## Task directions
If pictures appear among the lines below, leave them out while you return exactly the lines from the one with "cm x B 10 cm" through the one with "4 x Raw Brass".

## Data excerpts
───
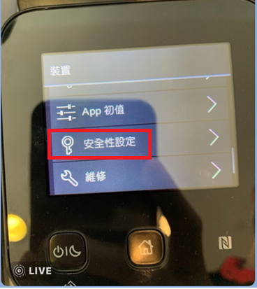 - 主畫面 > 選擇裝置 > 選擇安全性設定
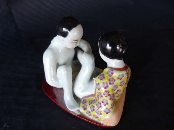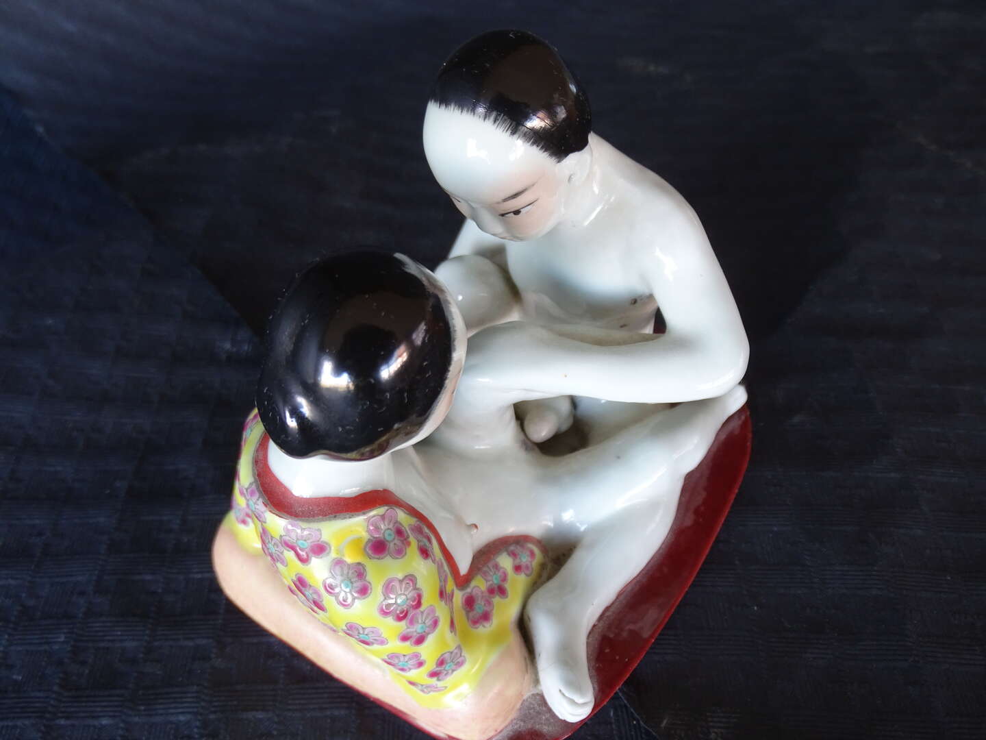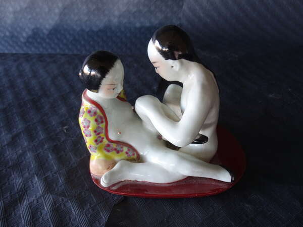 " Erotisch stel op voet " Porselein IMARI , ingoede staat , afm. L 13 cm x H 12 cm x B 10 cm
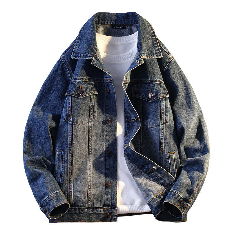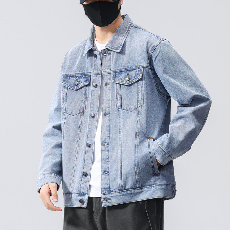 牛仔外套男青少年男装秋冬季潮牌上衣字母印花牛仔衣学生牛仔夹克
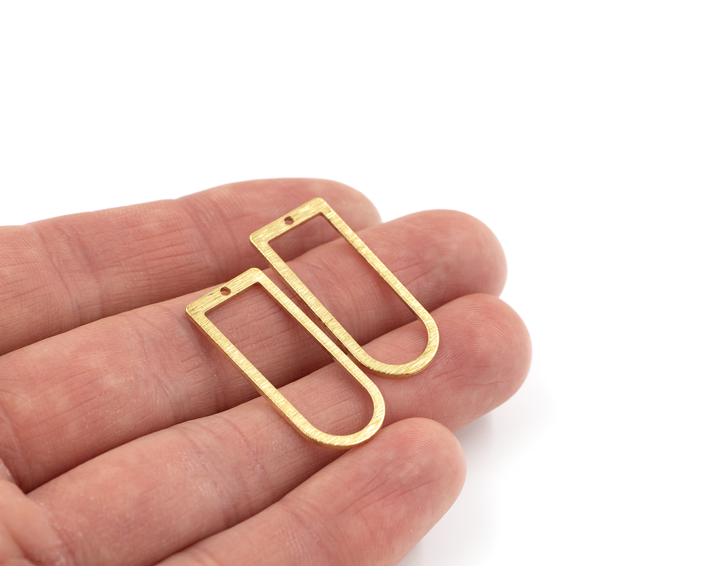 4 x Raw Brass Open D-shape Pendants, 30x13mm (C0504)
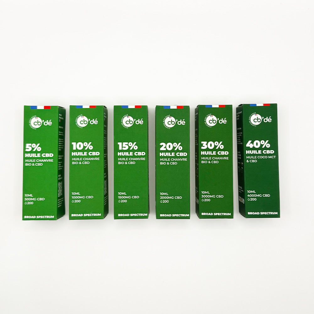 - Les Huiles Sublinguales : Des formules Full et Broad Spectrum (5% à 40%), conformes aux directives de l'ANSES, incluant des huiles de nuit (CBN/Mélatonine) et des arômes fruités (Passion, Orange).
───
## Task output
 " Erotisch stel op voet " Porselein IMARI , ingoede staat , afm. L 13 cm x H 12 cm x B 10 cm
 牛仔外套男青少年男装秋冬季潮牌上衣字母印花牛仔衣学生牛仔夹克
 4 x Raw Brass Open D-shape Pendants, 30x13mm (C0504)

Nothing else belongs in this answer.